Editing Canon CR3 files on Ubuntu / Linux

Like blogging (!), photography is a hobby I dabble with intermittently. I bought a new camera (Canon EOS RP) to replace my 2007 EOS 40D last year during lockdown and haven’t used it that much since.

One thing that irritated me last year when I got the camera was to discover that it used a new RAW format, CR3, which had no support in tools that worked on Linux. So I sort of gave up shooting RAW for a while.

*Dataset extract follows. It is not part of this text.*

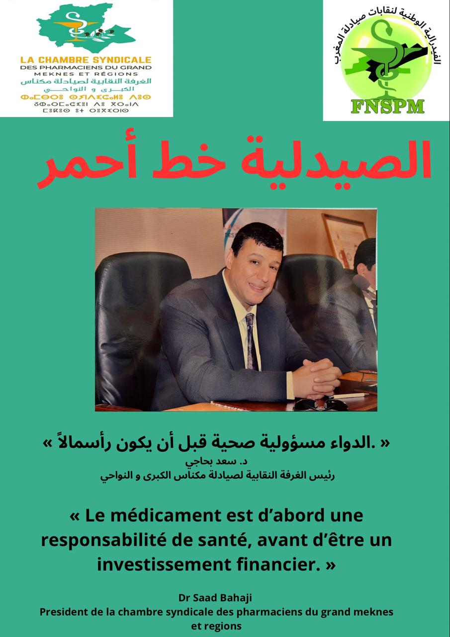 بقلم : سعد بحاجي رئيس الغرفة النقابية لصيادلة مكناس الكبرى و النواحي

While I’m not dogmatically against Microsoft or paid software, I just prefer using Ubuntu to Windows and I didn’t want to have to switch just to edit some photos.

Anyway, a year or more passed without me spending a lot of time thinking about photography or worrying about the problem of opening CR3 files. So I was recently pleased to discover that Corel Aftershot Pro has added support for CR3 (and the EOS R series cameras that use it) in Update 7 in early 2021.

And, amazingly, Aftershot Pro works perfectly on Ubuntu 20.04. Well, not quite perfectly, it crashes infrequently, but it’s not enough to be a problem and you don’t seem to lose any work if it does crash.

No, Aftershot Pro is not open source and it’s not free – but it is inexpensive – it seems to sell for around £80 but always seems to be on sale for below £50. I’m more than happy to support makers of high quality software that runs on Linux, and can definitely recommend it.

I don’t want to promise what I won’t deliver, but I’ll try to do another post at some point explaining my full photo editing workflow on Ubuntu.

Southport beach, Merseyside, November 2021. Taken with Canon EOS RP, CR3 RAW image edited in Corel Aftershot Pro.